## Brief
When you copy the listing, reproduce each line as it appears and omit every image.

## Dataset records
++++++++++++++++++++

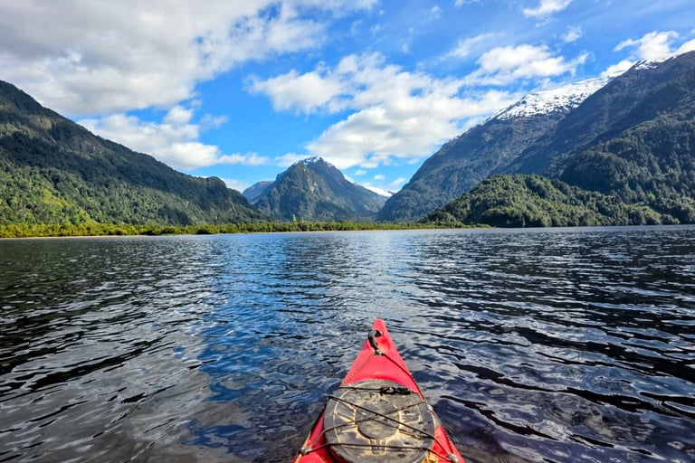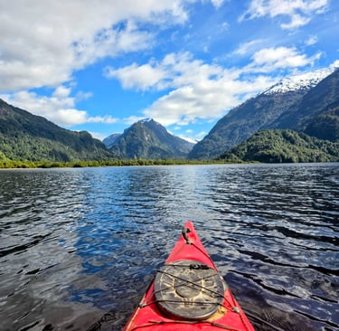 After departing from the vibrant coastal city of Valparaíso, we continued sailing southward towards the breathtaking landscapes of Puerto Chacabuco in Northern Patagonia. This picturesque spot marked the beginning of our journey through one of the most pristine parts of the world. Calum and I met with a few locals who took us kayaking on beautiful Lake Los Palos. This area was magical with towering snow capped mountains reflecting in the glassy waters. A day neither of us will soon forget.
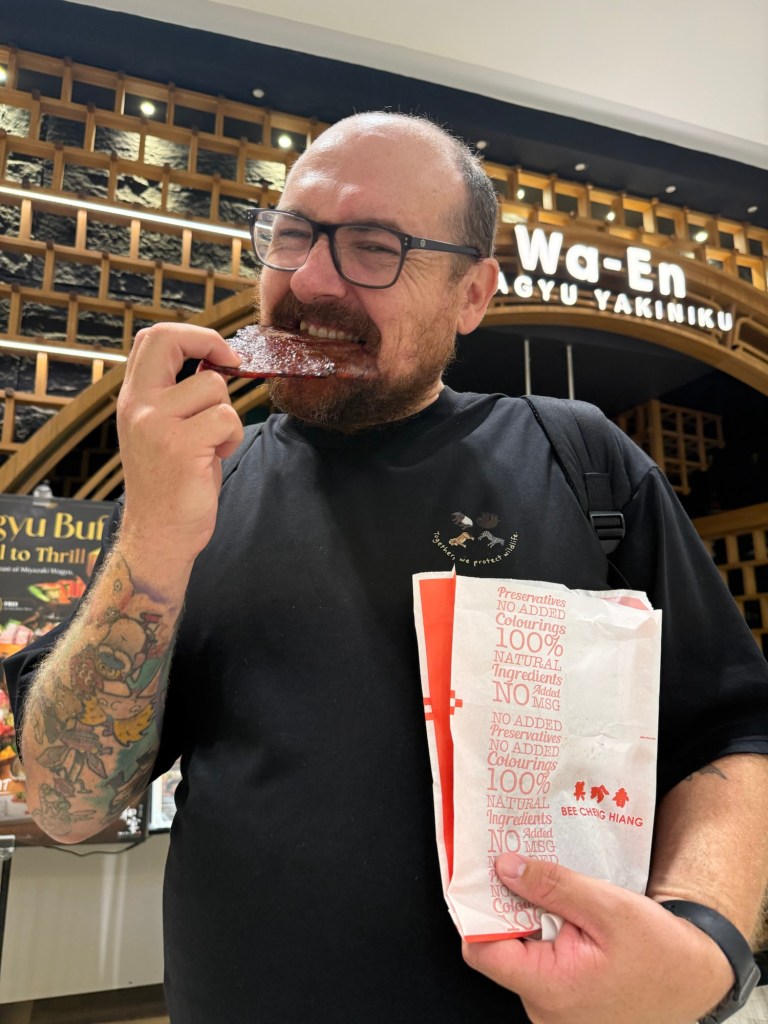 That was delicious and then we tried some Bakkwa which is pork that is dried and glazed, kind of like jerky.
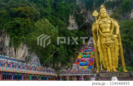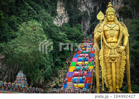 バトゥ洞窟と階段と黄金の像
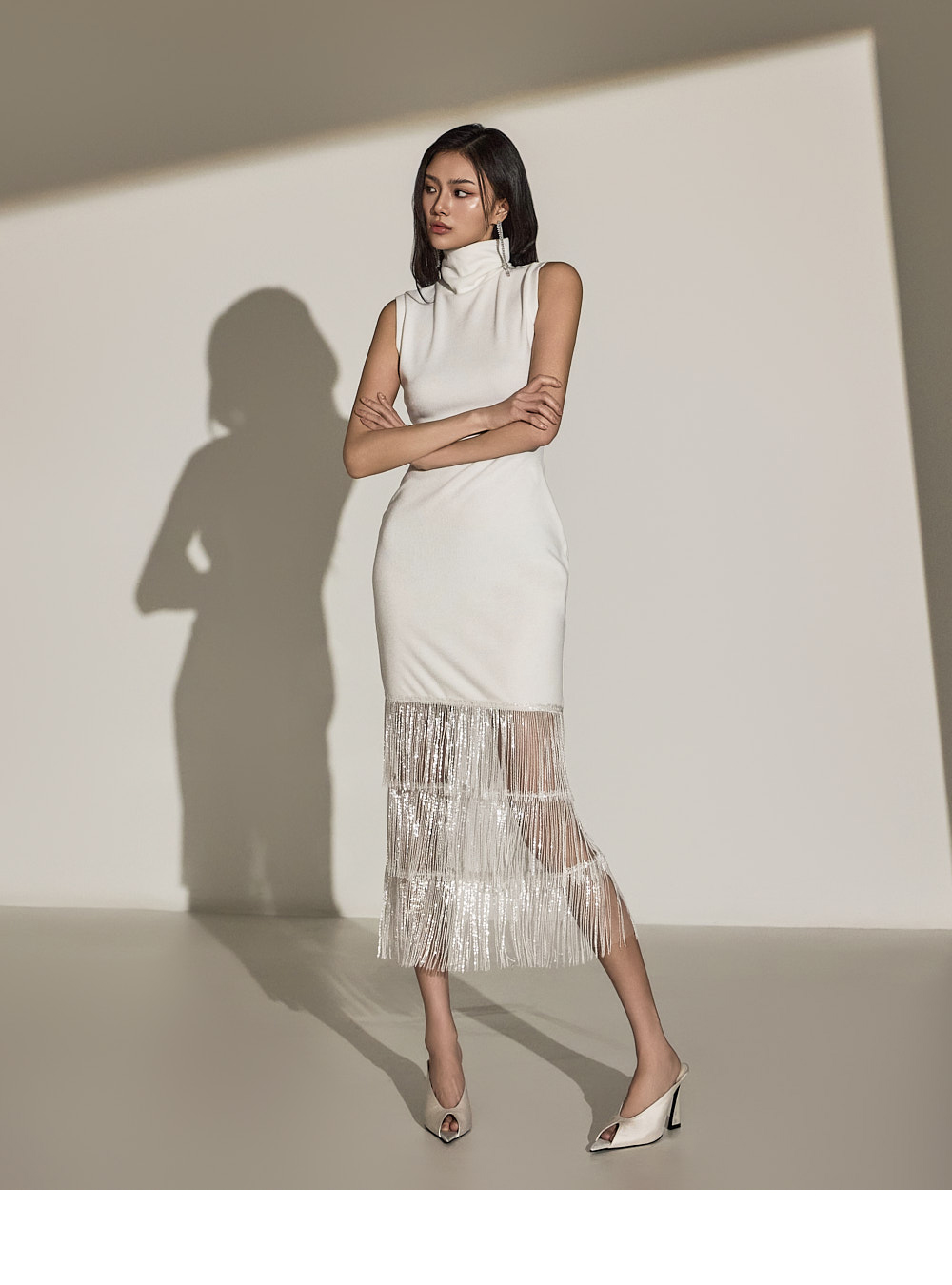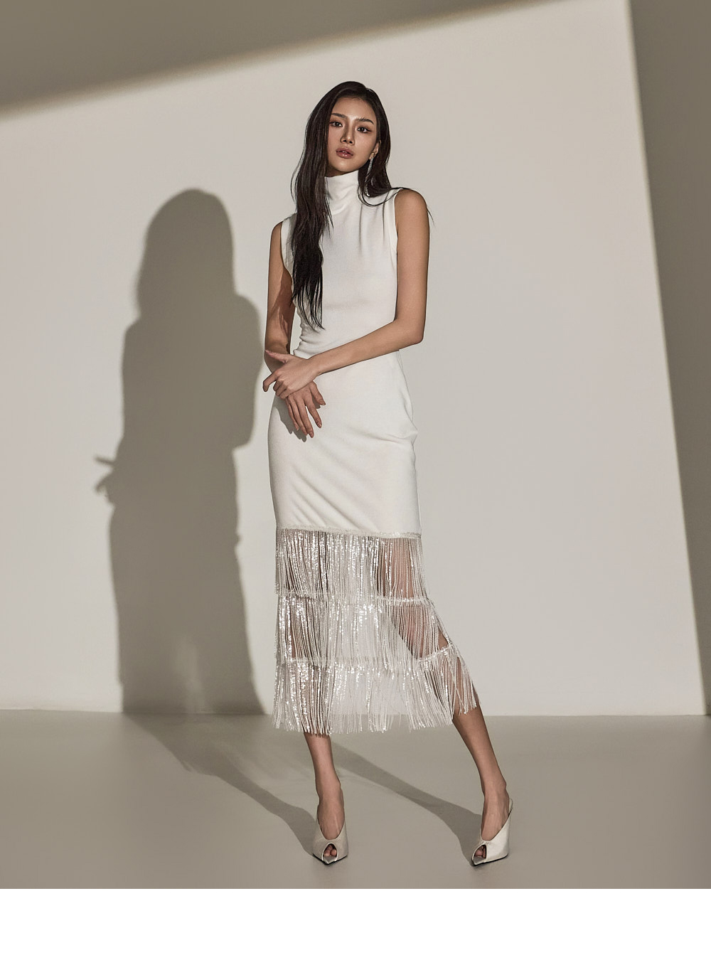 바디라인을 따라 슬림하게 떨어지는 H 라인의 원피스로
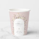 Wildflower Baby Shower paper cups. Colourful wildflowers arch frame, butterfly accent, chic dark grey typography and coordinating pink colour background.
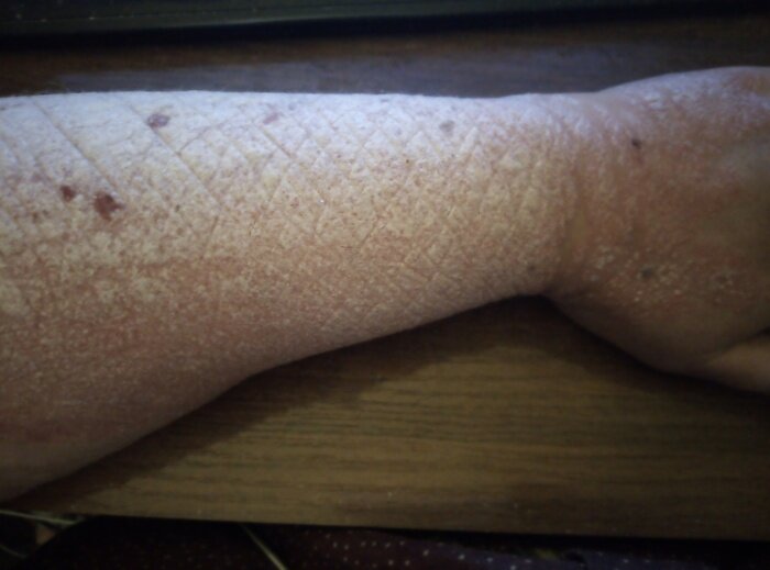 Не смотря на мази, уколы и гормональную терапию примерно к 25 годам я стала почти рептилоидом причем крайне жирным, и если бы это была просто чешуя я бы пожалуй смирилась. Но эта дрянь чесалась, а псориаз чешется зверски, это примерно как укус комара только везде и постоянно. А ещё чешуйки сыпятся. На первом месте работы я несколько раз в день подметала под своим стулом. Но коллектив был молодой, на меня косились, мне начали выговаривать о том что я своим видом и поведением мешаю, в общем я свалила на удаленку. Лишила себя части стресса.

++++++++++++++++++++

## Response for this exercise
 After departing from the vibrant coastal city of Valparaíso, we continued sailing southward towards the breathtaking landscapes of Puerto Chacabuco in Northern Patagonia. This picturesque spot marked the beginning of our journey through one of the most pristine parts of the world. Calum and I met with a few locals who took us kayaking on beautiful Lake Los Palos. This area was magical with towering snow capped mountains reflecting in the glassy waters. A day neither of us will soon forget.
 That was delicious and then we tried some Bakkwa which is pork that is dried and glazed, kind of like jerky.
 バトゥ洞窟と階段と黄金の像
 바디라인을 따라 슬림하게 떨어지는 H 라인의 원피스로
 Wildflower Baby Shower paper cups. Colourful wildflowers arch frame, butterfly accent, chic dark grey typography and coordinating pink colour background.
 Не смотря на мази, уколы и гормональную терапию примерно к 25 годам я стала почти рептилоидом причем крайне жирным, и если бы это была просто чешуя я бы пожалуй смирилась. Но эта дрянь чесалась, а псориаз чешется зверски, это примерно как укус комара только везде и постоянно. А ещё чешуйки сыпятся. На первом месте работы я несколько раз в день подметала под своим стулом. Но коллектив был молодой, на меня косились, мне начали выговаривать о том что я своим видом и поведением мешаю, в общем я свалила на удаленку. Лишила себя части стресса.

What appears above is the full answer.